# pipesandcigars coupon!



## User Name (Feb 11, 2011)

http://www.cigarforums.net/forums/vb/general-cigar-discussion/299308-pipes-cigars-coupon.htm

for those of you who haven't seen, our bestest buddy JuanOrez has dug up a coupon code for 10% off.


----------



## Nick S. (Jul 10, 2011)

Great, thanks for the heads up JuanOrez and User Name!


----------



## The Mad Professor (Jul 13, 2011)

Yes, thank you both JuanOrez and User Name!


----------



## jsnake (Oct 6, 2009)

Nice find guys. Thank you. Placing an order now.


----------



## JuanOrez (Apr 15, 2011)

I think it works on everything on the site. I made a large order for all kinds of stuff today and it worked!

Cheers,


----------



## Thirston (Feb 2, 2011)

Yeah, thanks for posting.


----------



## canadianpiper (Nov 27, 2010)

I love coupon codes, placed an order and it took a fiver off the top.. YAY.


----------



## Lord Voldemort (Sep 30, 2011)

Just what i need to save me some money. Man, this place has already gotten me something. Plus that free tobacco deal with sterings, man.


----------



## Mante (Dec 25, 2009)

Lord Voldemort said:


> Just what i need to save me some money. Man, this place has already gotten me something. Plus that free tobacco deal with sterings, man.

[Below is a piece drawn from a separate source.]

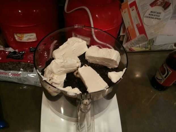 Una vez que las cookies no se parecen a las galletas y han asumido una decididamente "tierra" aspecto, añadir el queso crema. Me gusta cortar el bloque en trozos más pequeños y que ligeramente cálido que hace mezclar para arriba mucho más fácil. Sólo hasta su procesador y volver a pulsar durante unos dos minutos o menos, haciendo una pausa de vez en cuando para raspar los lados.
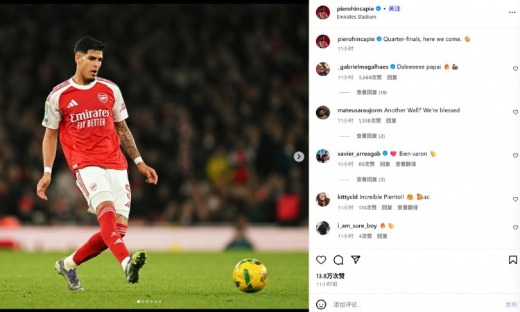他也在賽后通過社媒曬出自己的比賽照并配文:“八強戰(zhàn),我們來了!”隊友加布里埃爾也現(xiàn)身評論區(qū)鼓勵道:“加油!”

HaHa.. stay around Dennis & I'm sure the forum will do everything in it's power to......ahem..... "Save" you money. :nod:

*Tongue firmly planted in left cheek*


----------



## Xodar (Mar 4, 2011)

Strange sense of dejah vu.
Sweet, thanks for posting the coupon. Seems like P&C perpetually have a 10% off coupon running, which really makes their pricing competitive.


----------



## canadianpiper (Nov 27, 2010)

Does anyone know of a new coupon? 929event is no longer valid..


----------



## JuanOrez (Apr 15, 2011)

canadianpiper said:


> Does anyone know of a new coupon? 929event is no longer valid..


Not yet. Once I dig up a new coupon, I will be sure to let everyone know.


----------



## Derrick_Y (Apr 26, 2012)

I have searched around for a Code for P&C but can not find one. Anyone know of one, would love to ease the shipping burden


----------



## laloin (Jun 29, 2010)

the only coupon that I know P&C has going is for C&D blends. it's on the front page of P&C check it out


----------